▶ Collected material:
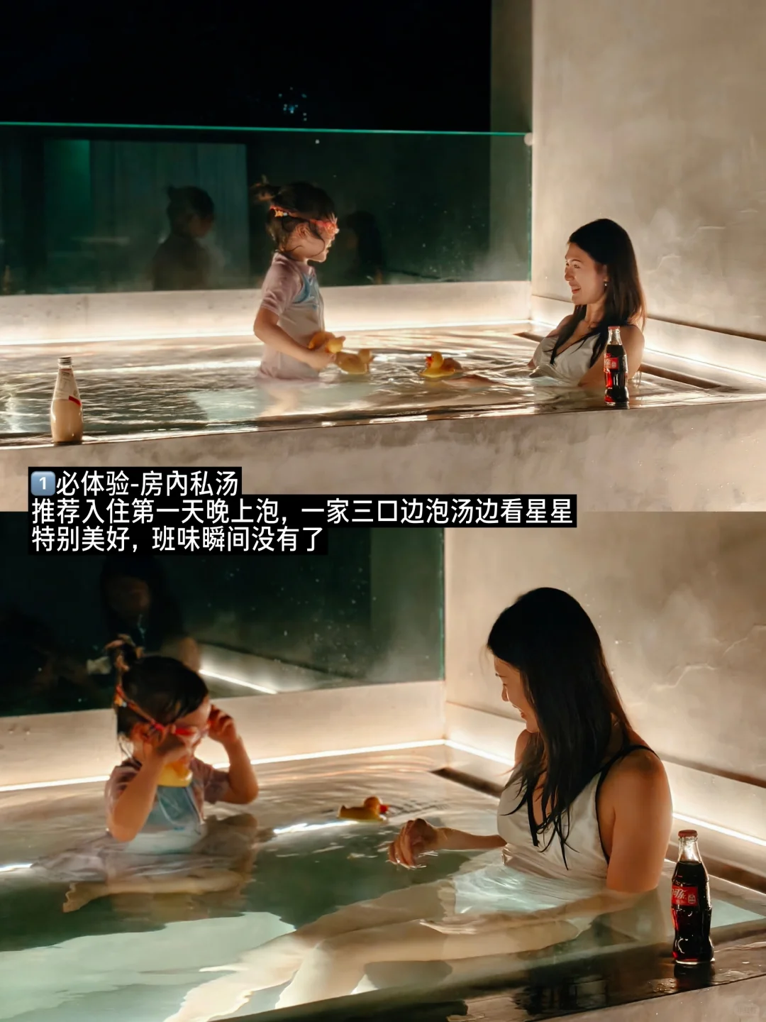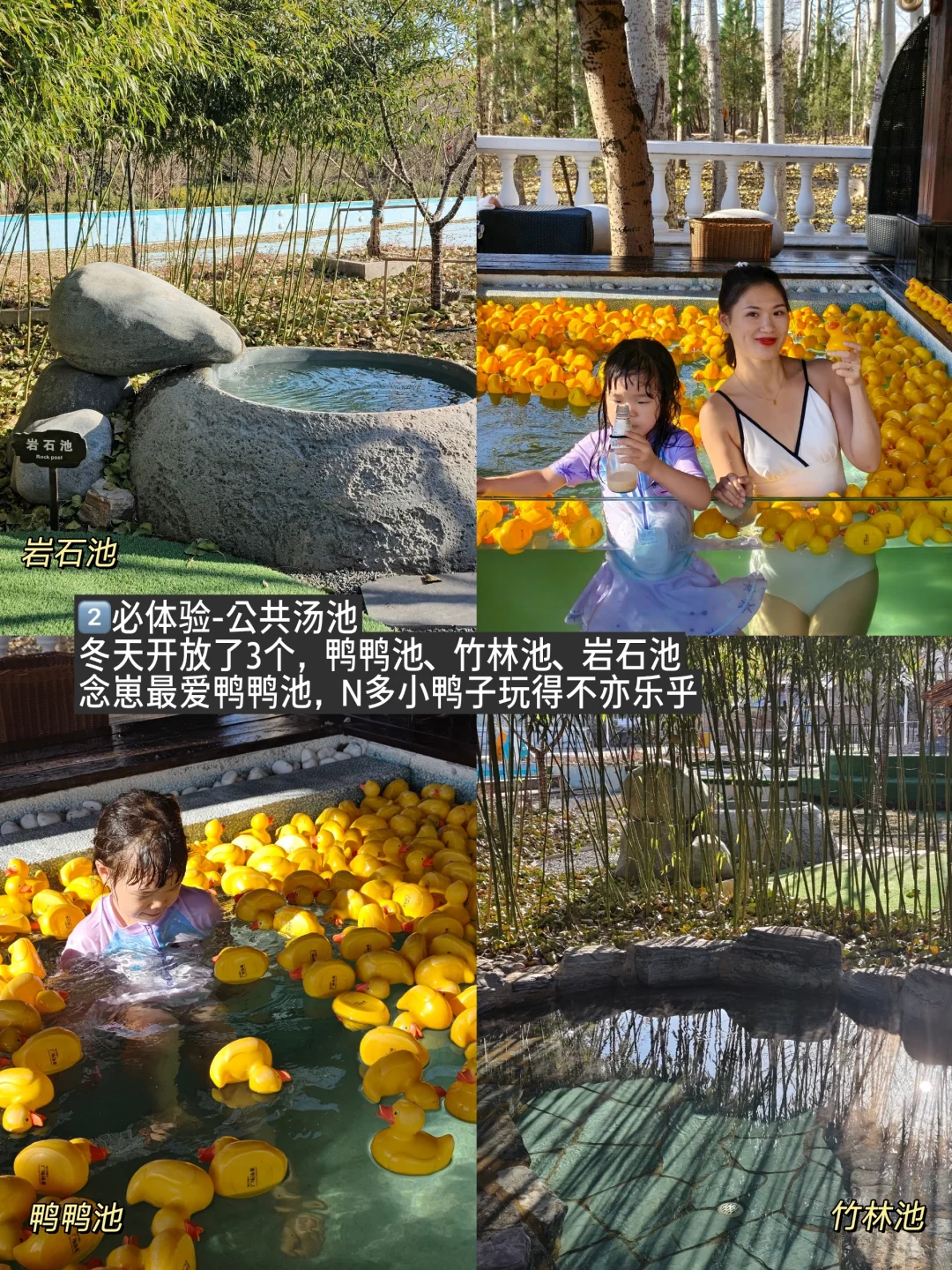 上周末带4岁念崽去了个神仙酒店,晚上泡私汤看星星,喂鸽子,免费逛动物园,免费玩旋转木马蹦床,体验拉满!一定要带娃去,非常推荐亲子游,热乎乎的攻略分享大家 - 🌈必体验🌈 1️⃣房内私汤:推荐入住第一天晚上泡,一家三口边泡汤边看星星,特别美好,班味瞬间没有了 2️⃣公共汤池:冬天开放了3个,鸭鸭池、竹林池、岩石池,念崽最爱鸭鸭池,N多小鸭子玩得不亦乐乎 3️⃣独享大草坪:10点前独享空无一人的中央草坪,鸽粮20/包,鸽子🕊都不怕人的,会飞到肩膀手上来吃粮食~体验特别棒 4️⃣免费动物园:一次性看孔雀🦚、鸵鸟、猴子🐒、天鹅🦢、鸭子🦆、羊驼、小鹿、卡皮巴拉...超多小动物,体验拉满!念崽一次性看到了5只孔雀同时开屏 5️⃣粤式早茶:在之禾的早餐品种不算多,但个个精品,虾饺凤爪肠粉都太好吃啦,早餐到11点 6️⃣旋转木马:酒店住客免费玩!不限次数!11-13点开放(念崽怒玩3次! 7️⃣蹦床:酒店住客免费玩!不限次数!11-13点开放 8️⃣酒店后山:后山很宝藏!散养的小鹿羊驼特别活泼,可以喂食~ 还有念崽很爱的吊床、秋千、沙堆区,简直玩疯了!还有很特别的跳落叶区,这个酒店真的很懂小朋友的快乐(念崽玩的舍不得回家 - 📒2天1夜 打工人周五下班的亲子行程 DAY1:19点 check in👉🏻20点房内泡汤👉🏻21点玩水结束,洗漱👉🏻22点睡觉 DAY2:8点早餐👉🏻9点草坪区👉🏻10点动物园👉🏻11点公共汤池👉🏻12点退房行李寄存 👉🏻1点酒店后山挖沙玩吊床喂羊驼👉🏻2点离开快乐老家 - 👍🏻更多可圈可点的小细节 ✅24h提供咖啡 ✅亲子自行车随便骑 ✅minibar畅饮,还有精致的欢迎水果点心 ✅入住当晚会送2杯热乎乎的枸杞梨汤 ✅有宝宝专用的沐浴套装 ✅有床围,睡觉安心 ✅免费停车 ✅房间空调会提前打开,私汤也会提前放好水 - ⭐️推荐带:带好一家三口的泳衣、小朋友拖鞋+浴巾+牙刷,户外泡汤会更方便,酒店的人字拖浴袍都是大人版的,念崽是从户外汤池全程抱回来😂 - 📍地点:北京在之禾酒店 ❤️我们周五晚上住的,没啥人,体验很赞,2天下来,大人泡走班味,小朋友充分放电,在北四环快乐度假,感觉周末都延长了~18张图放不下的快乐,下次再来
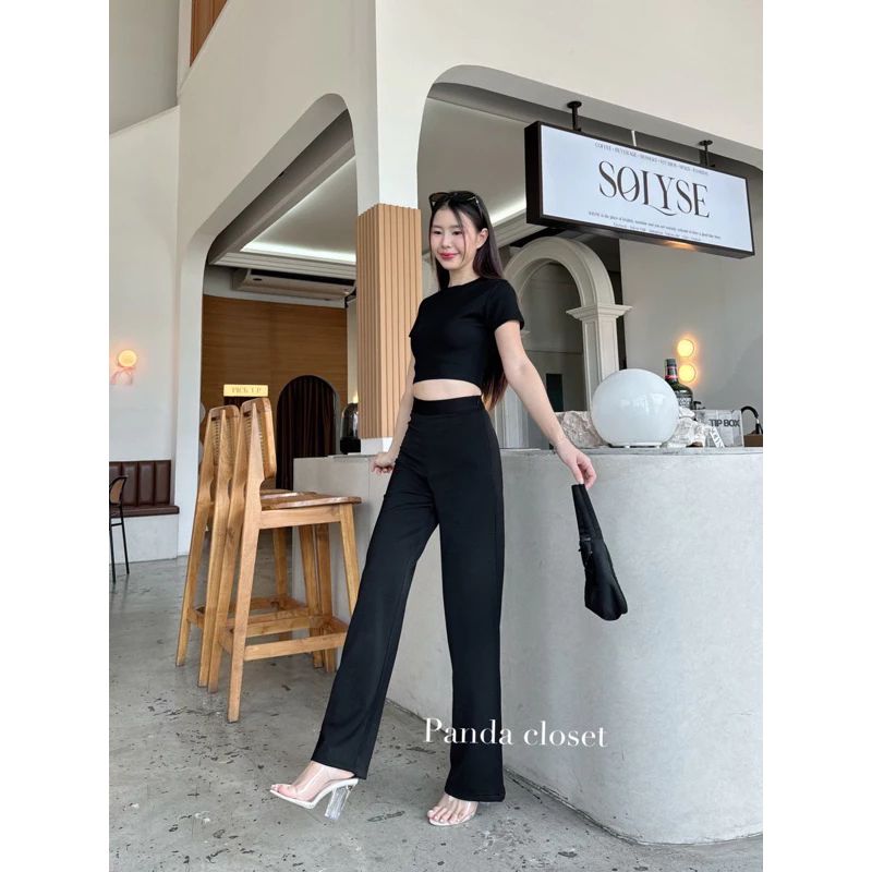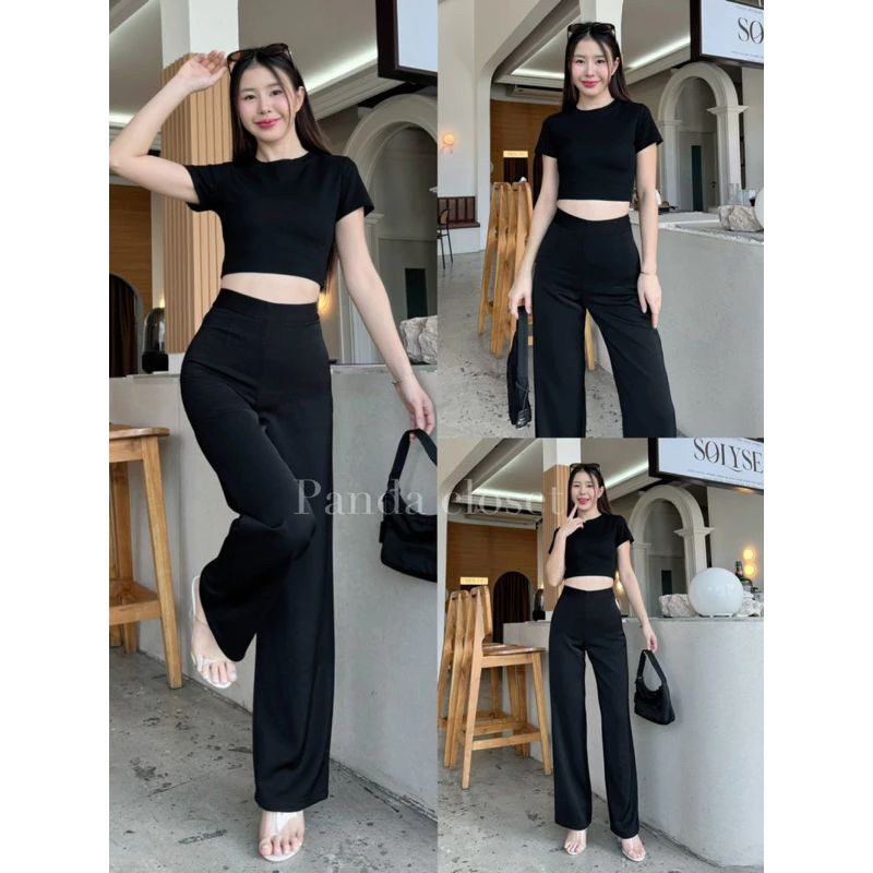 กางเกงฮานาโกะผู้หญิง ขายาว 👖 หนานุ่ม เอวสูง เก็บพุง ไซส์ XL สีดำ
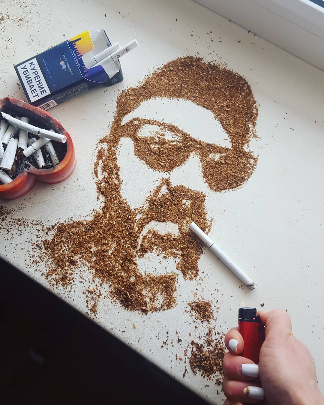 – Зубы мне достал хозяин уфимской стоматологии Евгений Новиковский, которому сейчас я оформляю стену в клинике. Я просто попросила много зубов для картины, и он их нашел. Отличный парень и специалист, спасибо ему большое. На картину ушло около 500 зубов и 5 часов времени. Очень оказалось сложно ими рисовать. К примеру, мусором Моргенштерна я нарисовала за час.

▶ About this task:
Please provide a faithful transcription of all the data, pictures excluded.

▶ Exercise solution:
 上周末带4岁念崽去了个神仙酒店,晚上泡私汤看星星,喂鸽子,免费逛动物园,免费玩旋转木马蹦床,体验拉满!一定要带娃去,非常推荐亲子游,热乎乎的攻略分享大家 - 🌈必体验🌈 1️⃣房内私汤:推荐入住第一天晚上泡,一家三口边泡汤边看星星,特别美好,班味瞬间没有了 2️⃣公共汤池:冬天开放了3个,鸭鸭池、竹林池、岩石池,念崽最爱鸭鸭池,N多小鸭子玩得不亦乐乎 3️⃣独享大草坪:10点前独享空无一人的中央草坪,鸽粮20/包,鸽子🕊都不怕人的,会飞到肩膀手上来吃粮食~体验特别棒 4️⃣免费动物园:一次性看孔雀🦚、鸵鸟、猴子🐒、天鹅🦢、鸭子🦆、羊驼、小鹿、卡皮巴拉...超多小动物,体验拉满!念崽一次性看到了5只孔雀同时开屏 5️⃣粤式早茶:在之禾的早餐品种不算多,但个个精品,虾饺凤爪肠粉都太好吃啦,早餐到11点 6️⃣旋转木马:酒店住客免费玩!不限次数!11-13点开放(念崽怒玩3次! 7️⃣蹦床:酒店住客免费玩!不限次数!11-13点开放 8️⃣酒店后山:后山很宝藏!散养的小鹿羊驼特别活泼,可以喂食~ 还有念崽很爱的吊床、秋千、沙堆区,简直玩疯了!还有很特别的跳落叶区,这个酒店真的很懂小朋友的快乐(念崽玩的舍不得回家 - 📒2天1夜 打工人周五下班的亲子行程 DAY1:19点 check in👉🏻20点房内泡汤👉🏻21点玩水结束,洗漱👉🏻22点睡觉 DAY2:8点早餐👉🏻9点草坪区👉🏻10点动物园👉🏻11点公共汤池👉🏻12点退房行李寄存 👉🏻1点酒店后山挖沙玩吊床喂羊驼👉🏻2点离开快乐老家 - 👍🏻更多可圈可点的小细节 ✅24h提供咖啡 ✅亲子自行车随便骑 ✅minibar畅饮,还有精致的欢迎水果点心 ✅入住当晚会送2杯热乎乎的枸杞梨汤 ✅有宝宝专用的沐浴套装 ✅有床围,睡觉安心 ✅免费停车 ✅房间空调会提前打开,私汤也会提前放好水 - ⭐️推荐带:带好一家三口的泳衣、小朋友拖鞋+浴巾+牙刷,户外泡汤会更方便,酒店的人字拖浴袍都是大人版的,念崽是从户外汤池全程抱回来😂 - 📍地点:北京在之禾酒店 ❤️我们周五晚上住的,没啥人,体验很赞,2天下来,大人泡走班味,小朋友充分放电,在北四环快乐度假,感觉周末都延长了~18张图放不下的快乐,下次再来
 กางเกงฮานาโกะผู้หญิง ขายาว 👖 หนานุ่ม เอวสูง เก็บพุง ไซส์ XL สีดำ
 – Зубы мне достал хозяин уфимской стоматологии Евгений Новиковский, которому сейчас я оформляю стену в клинике. Я просто попросила много зубов для картины, и он их нашел. Отличный парень и специалист, спасибо ему большое. На картину ушло около 500 зубов и 5 часов времени. Очень оказалось сложно ими рисовать. К примеру, мусором Моргенштерна я нарисовала за час.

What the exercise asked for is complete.